> **DATA BELOW**:
<<<<
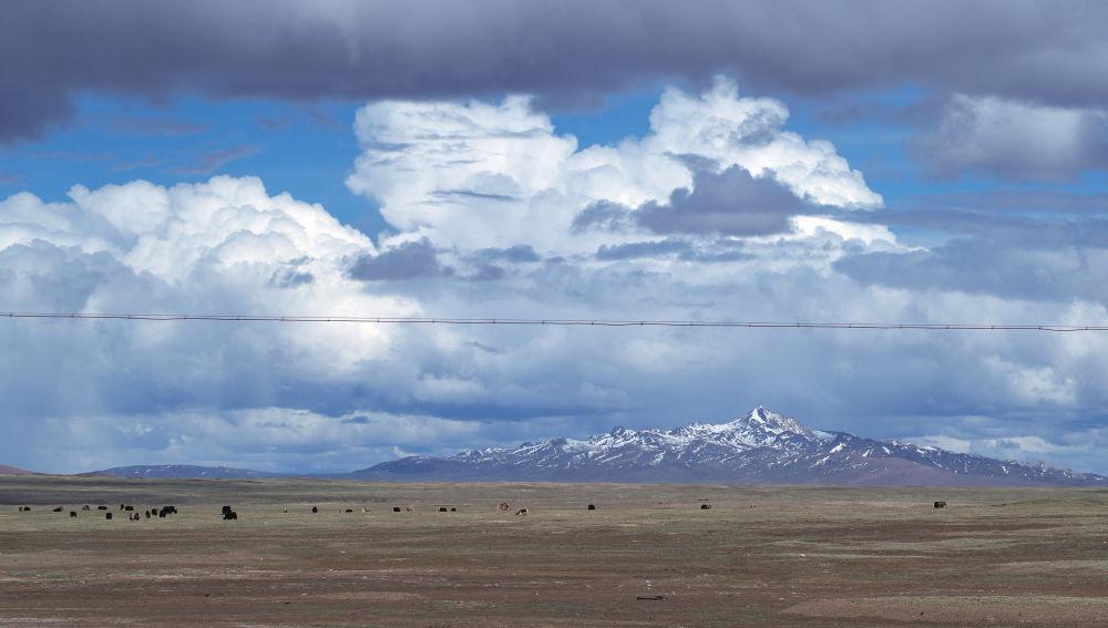 這是6月14日在長江源地區(qū)沱沱河附近拍攝的景色。
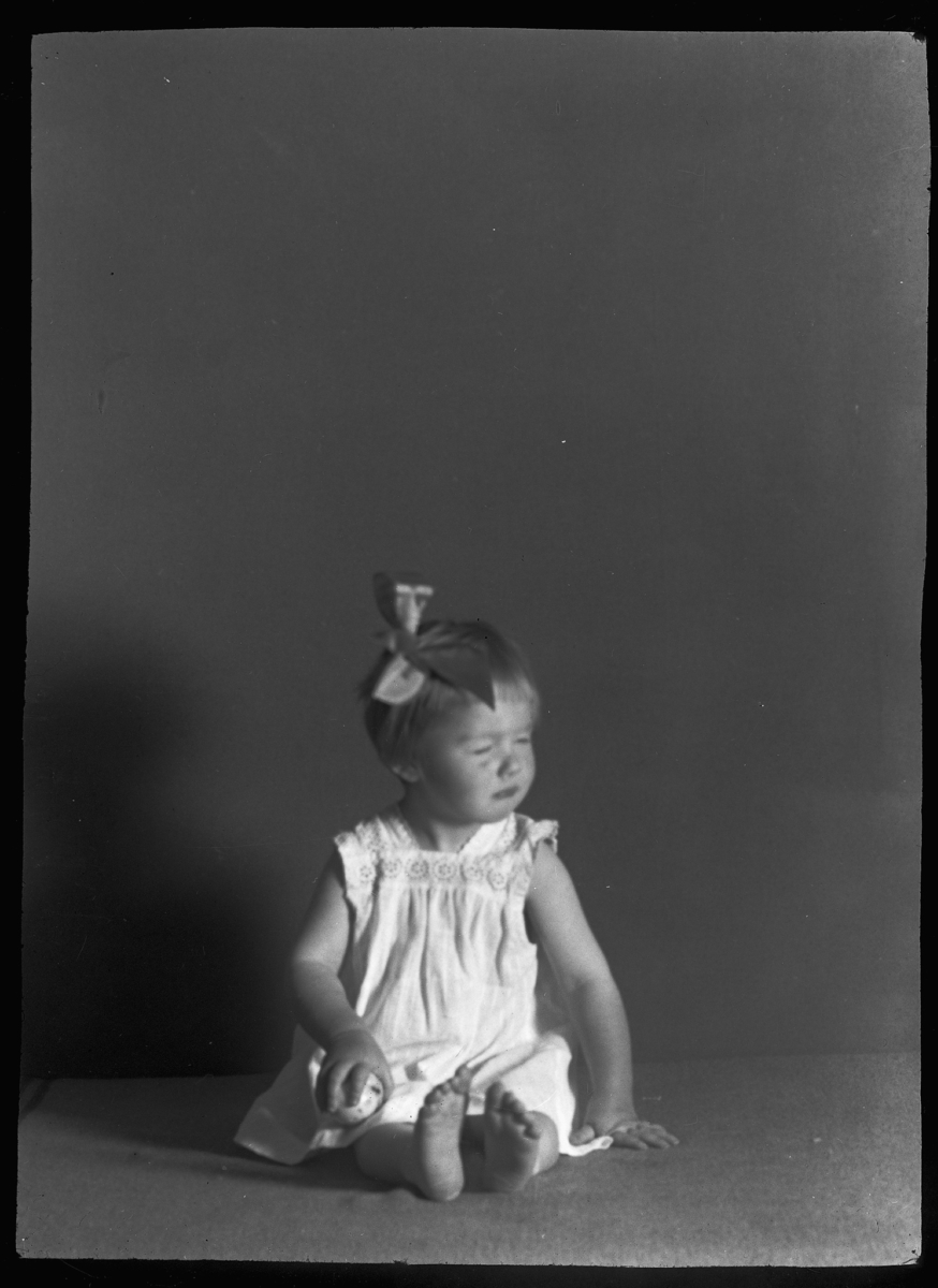 Lilla Gunhild.Sittande flicka. Fondporträtt. Taget med stativkamera. Blixtljus.
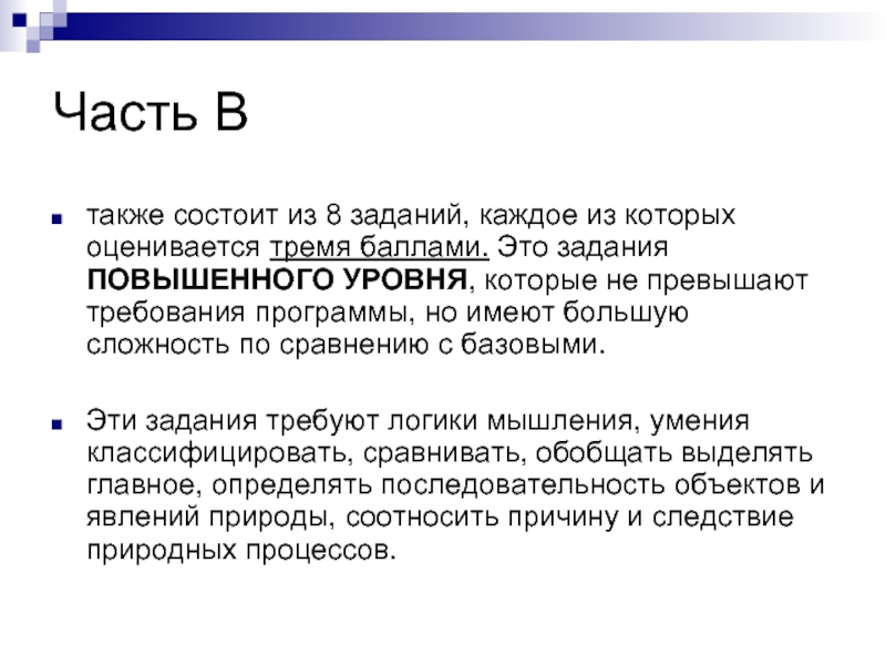 Эти задания требуют логики мышления, умения классифицировать, сравнивать, обобщать выделять главное, определять последовательность объектов и явлений природы, соотносить причину и следствие природных процессов.
>>>>
> **TASK OBJECTIVE**: Drop the pictures, then repeat the material word for word.

> **RESULT OF THIS EXERCISE**:
 這是6月14日在長江源地區(qū)沱沱河附近拍攝的景色。
 Lilla Gunhild.Sittande flicka. Fondporträtt. Taget med stativkamera. Blixtljus.
 Эти задания требуют логики мышления, умения классифицировать, сравнивать, обобщать выделять главное, определять последовательность объектов и явлений природы, соотносить причину и следствие природных процессов.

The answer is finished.